Together, these design choices guarantee that our evaluations remain fair, reproducible, and representative of real integration scenarios.
Benchmark Details
Below is an overview of each benchmark used in our evaluation suite.
FreshQA Benchmark
The FreshQA Benchmark contains 600 time-sensitive questions updated weekly.
It assesses how effectively APIs handle recent and evolving information, a critical capability for use cases such as news summarization, event tracking, and trend monitoring.
Our evaluation used the September 30th test set, the most recent release available at the time of testing.

FreshQA evaluation: Valyu achieved 79% accuracy, Parallel 52%, Google 39%, and Exa 24% on queries requiring up-to-date information retrieval.
SimpleQA Benchmark
The SimpleQA Benchmark includes 4,326 factual questions designed to measure retrieval precision on straightforward, unambiguous queries.
It serves as the baseline benchmark for evaluating general-purpose search quality and factual accuracy.
It is the go to benchmark to test general search capabilities.

SimpleQA evaluation: Valyu achieved 94% accuracy, Parallel 93%, Exa 91%, and Google 38% on straightforward factual questions.
Finance Benchmark
The Finance Benchmark evaluates search performance in financial data retrieval and reasoning across 120 queries, including SEC filings, market data, and macroeconomic indicators.
Questions simulate realistic research workflows, covering topics like stock performance, regulatory disclosures, and insider transactions designed to test retrieval precision in finance-specific contexts.

Finance evaluation: Valyu reached 73% accuracy, Parallel 67%, Exa 63%, and Google 55% on financial questions.
Economics Benchmark
The Economic Data Benchmark evaluates search performance in retrieving and reasoning through 100 analyst-style questions. Queries are drawn from real-world data sources, including World Bank Indicators, Bureau of Labor Statistics, and FRED.
Questions cover topics such as GDP, inflation, employment, productivity, and monetary policy, designed to simulate authentic economic research and analysis workflows used in policy, finance, and macroeconomic forecasting.

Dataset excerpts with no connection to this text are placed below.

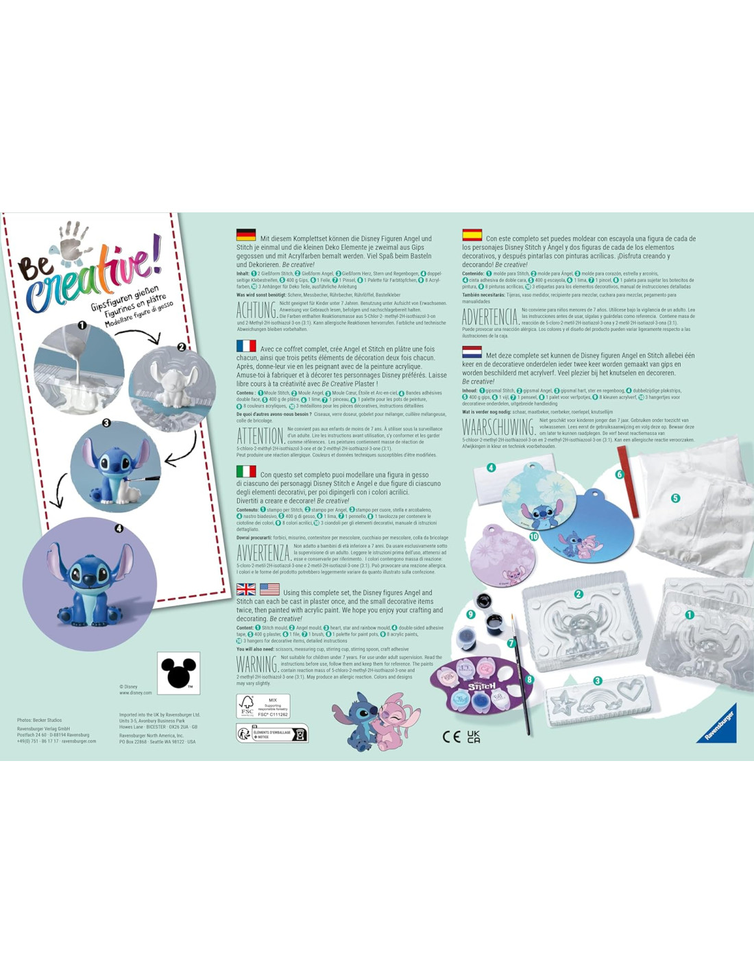 KIT COMPLETO PER IL FAI-DA-TE: grazie agli stampi per colata in gesso, stampi a cuore, a stella e ad arcobaleno, polvere di gesso e tanti altri strumenti, potrai creare e dipingere la tua scultura in gesso di Stitch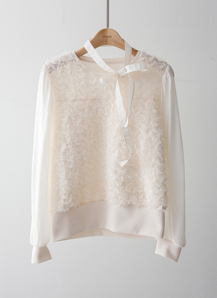 소매 부분은 은은하게 비침이 느껴지는 쉬폰 소재로 배색되어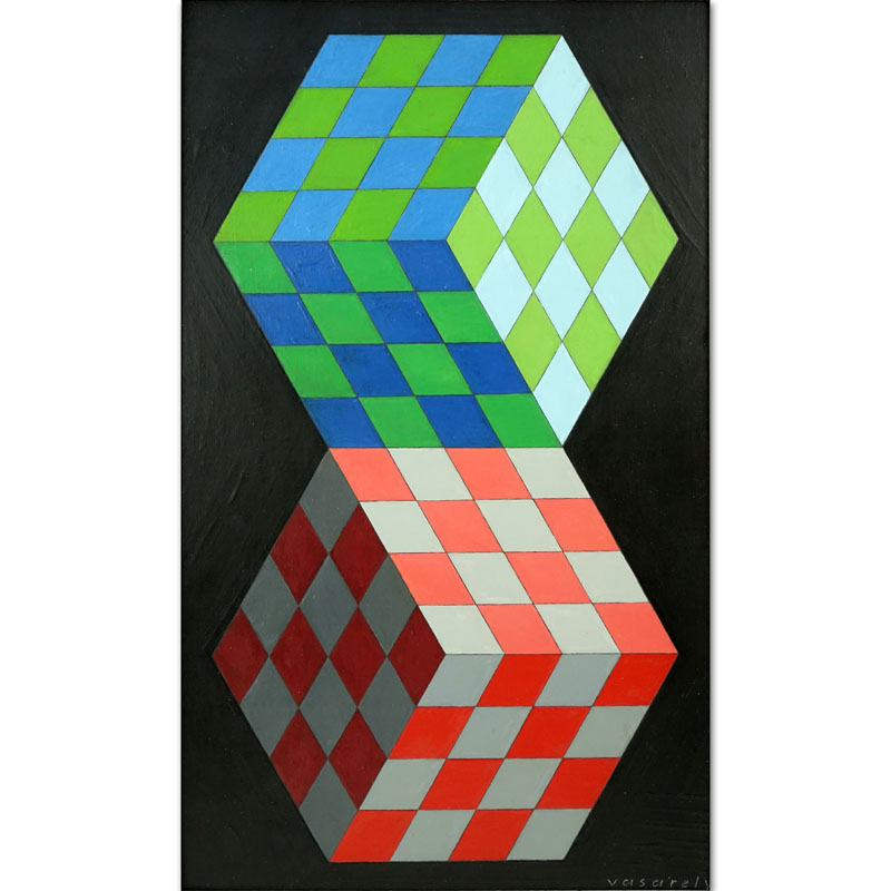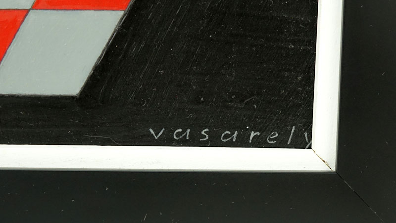 Attributed to: Victor Vasarely, French/Hungarian (1906-1997) Oil on Artist Board, Abstract Composition. Signed lower right. Good condition. Measures 20" H, 12" W; frame measures 21-1/4" H, 13-3/8" W. Shipping $125.00 (estimate $1200-$1800)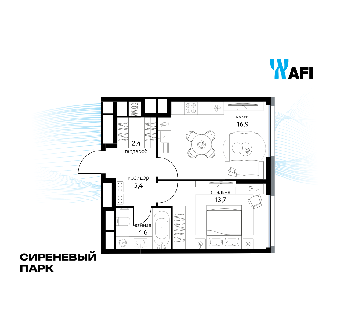 Купить 1к квартиру 42 м² в ЖК Сиреневый парк

Economic evaluation: Valyu scored 73%, Parallel 52%, Exa 45%, and Google 43% on queries spanning GDP, inflation, and employment data.
Medical Benchmark (MedAgent)
The MedAgent Benchmark evaluates performance on high-difficulty medical questions, combining 562 complex queries from clinical trials, drug labels, and medical QA benchmarks.
This benchmark tests an API’s ability to retrieve precise, evidence-grounded answers in high-stakes scenarios where factual accuracy and interpretability are critical.

MedAgent benchmark: Valyu achieved 48% accuracy, Google 45%, Exa 44%, and Parallel 42% on complex medical queries.
Testing dates
All benchmark evaluations were conducted on October 3rd, 2025.
Results Summary
Across all evaluated domains, Valyu DeepSearch API consistently achieved the highest overall accuracy, outperforming other search APIs in factual correctness, freshness, and domain relevance.
These results reaffirm Valyu’s position as the leading AI-native search API, optimised for agentic reasoning and high-context retrieval.
Moving forward, our focus is on broadening and deepening the benchmarking framework to continue stress-testing Valyu’s capabilities under more diverse and demanding conditions.
Future Work
Our ongoing focus is to expand and deepening this benchmarking framework, continuously stress-testing Valyu DeepSearch under more diverse and demanding conditions.
Future work includes:
- Increasing the breadth and difficulty of existing benchmarks
- Introducing domain-specific evaluations in science, law, and regulatory domains
- Measuring content extraction fidelity and token-to-information efficiency
- Designing long-horizon “DeepResearch” tasks for multi-step retrieval and reasoning
These next iterations will raise the bar for agentic search evaluation, ensuring Valyu DeepSearch continues to define the standard for AI-native retrieval performance.